Others like Kwara State has iron ore, marble, limestone, clay, dolomite and potash. Lagos, a state with the highest concentration of industries in Nigeria and West Africa, is equally endowed with silica and bitumen and laterite. Niger has glass and silicon, stone, gold, iron ore, limestone. Ondo has bitumen (tar sand), the second-largest deposit in the world, surpassed only by Canada. It has also crude oil, quartz limestone, kaoline, iron ore and columbite. Ogun State is gifted by providence with limestone, chalk, phosphate, clay, kaolin; its tar sand harbours the famous Olumo rock, a tourist asset. Osun has gold, clay, limestone and granite, good repository of culture and cultural artifacts. Oyo has dolomite, silimenite, kaolin and granite. Plateau has tin, iron ore, gemstone, coal, berytre, kaolin salt and zircon. Rivers is one of Nigerias largest producers of oil and has silica sand granite, and ball. Sokoto has gold, kaolin, gypsum, lignite, feldspar and limestone while Taraba has granite, bauxite, feldspar; a variety of gemstones, mica, pyrite, uranium lead/zinc, gelano, barytes, marble and clay. Besides, it harbours the famous Mambilla Plateau, c. 1830 meters above sea level. Yobe State has Gypsum, limestone, troma, clay, shale, kaolin and potash. Zamfara State has high reserves of solid minerals including gold, copper, zinc etc. By some estimate, the state is said to have over 60 per cent of total solid mineral deposits in the country (courtesy of Professor Mike Isokun, Towards a Sustainable Development in Nigeria: The End and the Means, The Constitution, Vol. 1, No. 4 June 2001).
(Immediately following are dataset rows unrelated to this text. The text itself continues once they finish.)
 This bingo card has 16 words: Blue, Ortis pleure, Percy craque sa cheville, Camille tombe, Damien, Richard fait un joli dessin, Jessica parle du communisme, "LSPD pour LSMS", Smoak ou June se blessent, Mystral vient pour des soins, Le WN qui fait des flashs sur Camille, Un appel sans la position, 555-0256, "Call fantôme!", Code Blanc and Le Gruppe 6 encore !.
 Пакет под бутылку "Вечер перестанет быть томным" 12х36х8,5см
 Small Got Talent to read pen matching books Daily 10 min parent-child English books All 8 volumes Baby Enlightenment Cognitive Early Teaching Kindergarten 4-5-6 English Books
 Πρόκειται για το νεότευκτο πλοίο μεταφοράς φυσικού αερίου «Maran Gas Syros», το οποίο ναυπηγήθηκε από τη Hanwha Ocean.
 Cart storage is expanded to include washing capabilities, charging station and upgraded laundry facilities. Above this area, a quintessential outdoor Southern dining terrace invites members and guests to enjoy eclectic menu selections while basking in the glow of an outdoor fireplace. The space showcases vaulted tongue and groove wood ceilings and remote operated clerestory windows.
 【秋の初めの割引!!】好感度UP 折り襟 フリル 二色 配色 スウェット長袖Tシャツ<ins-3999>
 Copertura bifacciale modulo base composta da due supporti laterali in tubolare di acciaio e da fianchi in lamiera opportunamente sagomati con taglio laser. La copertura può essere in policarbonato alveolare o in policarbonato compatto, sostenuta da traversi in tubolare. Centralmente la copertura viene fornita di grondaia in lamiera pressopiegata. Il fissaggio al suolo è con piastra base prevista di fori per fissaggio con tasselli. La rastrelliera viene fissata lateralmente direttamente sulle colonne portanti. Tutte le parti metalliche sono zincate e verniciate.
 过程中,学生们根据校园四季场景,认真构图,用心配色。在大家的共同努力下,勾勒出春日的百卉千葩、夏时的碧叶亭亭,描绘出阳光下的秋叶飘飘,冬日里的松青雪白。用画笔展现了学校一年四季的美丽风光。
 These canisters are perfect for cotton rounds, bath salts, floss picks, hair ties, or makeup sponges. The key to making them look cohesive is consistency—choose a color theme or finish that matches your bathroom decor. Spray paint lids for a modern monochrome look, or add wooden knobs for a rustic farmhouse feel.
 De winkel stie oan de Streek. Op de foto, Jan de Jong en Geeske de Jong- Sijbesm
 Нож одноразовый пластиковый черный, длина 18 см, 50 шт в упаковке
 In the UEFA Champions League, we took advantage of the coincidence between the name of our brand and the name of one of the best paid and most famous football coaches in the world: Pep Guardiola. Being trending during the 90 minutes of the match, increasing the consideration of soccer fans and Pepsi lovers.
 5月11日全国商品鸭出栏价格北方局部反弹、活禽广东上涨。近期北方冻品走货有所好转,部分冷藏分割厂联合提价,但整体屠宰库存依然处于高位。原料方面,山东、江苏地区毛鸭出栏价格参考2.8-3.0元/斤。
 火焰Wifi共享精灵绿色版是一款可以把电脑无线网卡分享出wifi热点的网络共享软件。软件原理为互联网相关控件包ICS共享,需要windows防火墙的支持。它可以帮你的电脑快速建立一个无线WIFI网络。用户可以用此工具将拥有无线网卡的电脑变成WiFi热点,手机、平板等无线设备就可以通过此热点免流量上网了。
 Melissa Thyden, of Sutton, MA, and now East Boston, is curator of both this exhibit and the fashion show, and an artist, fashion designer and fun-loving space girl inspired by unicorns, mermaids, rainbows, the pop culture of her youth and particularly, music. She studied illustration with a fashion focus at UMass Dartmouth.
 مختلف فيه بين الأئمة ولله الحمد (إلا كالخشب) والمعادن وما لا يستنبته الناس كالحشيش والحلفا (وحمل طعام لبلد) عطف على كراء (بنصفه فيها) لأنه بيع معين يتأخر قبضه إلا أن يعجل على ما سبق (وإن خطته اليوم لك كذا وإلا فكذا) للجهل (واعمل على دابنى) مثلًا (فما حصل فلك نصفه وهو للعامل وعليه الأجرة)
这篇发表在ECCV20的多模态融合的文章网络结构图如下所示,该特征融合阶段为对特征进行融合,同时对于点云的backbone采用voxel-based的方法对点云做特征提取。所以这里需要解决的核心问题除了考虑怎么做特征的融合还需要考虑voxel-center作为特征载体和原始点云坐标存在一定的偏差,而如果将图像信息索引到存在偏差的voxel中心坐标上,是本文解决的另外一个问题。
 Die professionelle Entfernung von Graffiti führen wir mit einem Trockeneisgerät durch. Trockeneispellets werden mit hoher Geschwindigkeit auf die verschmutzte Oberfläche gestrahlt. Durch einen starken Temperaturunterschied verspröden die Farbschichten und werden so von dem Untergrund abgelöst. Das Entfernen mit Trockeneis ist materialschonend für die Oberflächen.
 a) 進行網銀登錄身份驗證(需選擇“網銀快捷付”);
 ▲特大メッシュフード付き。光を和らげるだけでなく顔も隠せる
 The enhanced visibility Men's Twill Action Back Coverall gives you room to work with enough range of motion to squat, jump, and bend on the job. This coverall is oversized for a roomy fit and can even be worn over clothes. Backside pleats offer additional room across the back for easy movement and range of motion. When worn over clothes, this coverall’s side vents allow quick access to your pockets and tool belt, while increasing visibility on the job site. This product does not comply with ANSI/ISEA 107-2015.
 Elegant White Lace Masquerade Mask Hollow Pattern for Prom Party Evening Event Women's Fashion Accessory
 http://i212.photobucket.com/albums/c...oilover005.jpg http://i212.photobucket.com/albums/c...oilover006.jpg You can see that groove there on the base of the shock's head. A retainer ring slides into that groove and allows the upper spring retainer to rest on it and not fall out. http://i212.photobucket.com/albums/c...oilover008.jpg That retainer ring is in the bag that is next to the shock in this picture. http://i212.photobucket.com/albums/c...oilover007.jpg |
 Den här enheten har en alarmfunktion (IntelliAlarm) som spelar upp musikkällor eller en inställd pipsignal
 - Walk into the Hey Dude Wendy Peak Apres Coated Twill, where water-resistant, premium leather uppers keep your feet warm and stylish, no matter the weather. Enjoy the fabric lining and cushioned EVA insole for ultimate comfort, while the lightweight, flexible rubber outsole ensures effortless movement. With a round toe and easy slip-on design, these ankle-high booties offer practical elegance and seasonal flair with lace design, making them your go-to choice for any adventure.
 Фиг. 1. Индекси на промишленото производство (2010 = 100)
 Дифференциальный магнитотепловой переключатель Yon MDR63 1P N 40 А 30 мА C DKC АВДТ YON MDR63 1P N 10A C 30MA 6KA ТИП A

The above endowments are complemented by sundry food and economic crops. The time has come to wean ourselves off the feeding bottle federalism. We make bold to say that all states of the federation must enlist into the struggle for restructuring so as to empower themselves to harness the resources within their domain, and perhaps, pay a royalty to a slimmer centre in a restructured Nigeria. It is the paved road to financial freedom. The twenty-first century is not for freebooters but for the creative and innovative. That is what is required of the governing elite in Nigeria, without primitive accumulation and misappropriation and mismanagement of our national resources. It is time to build. It is the promise of genuine federalism.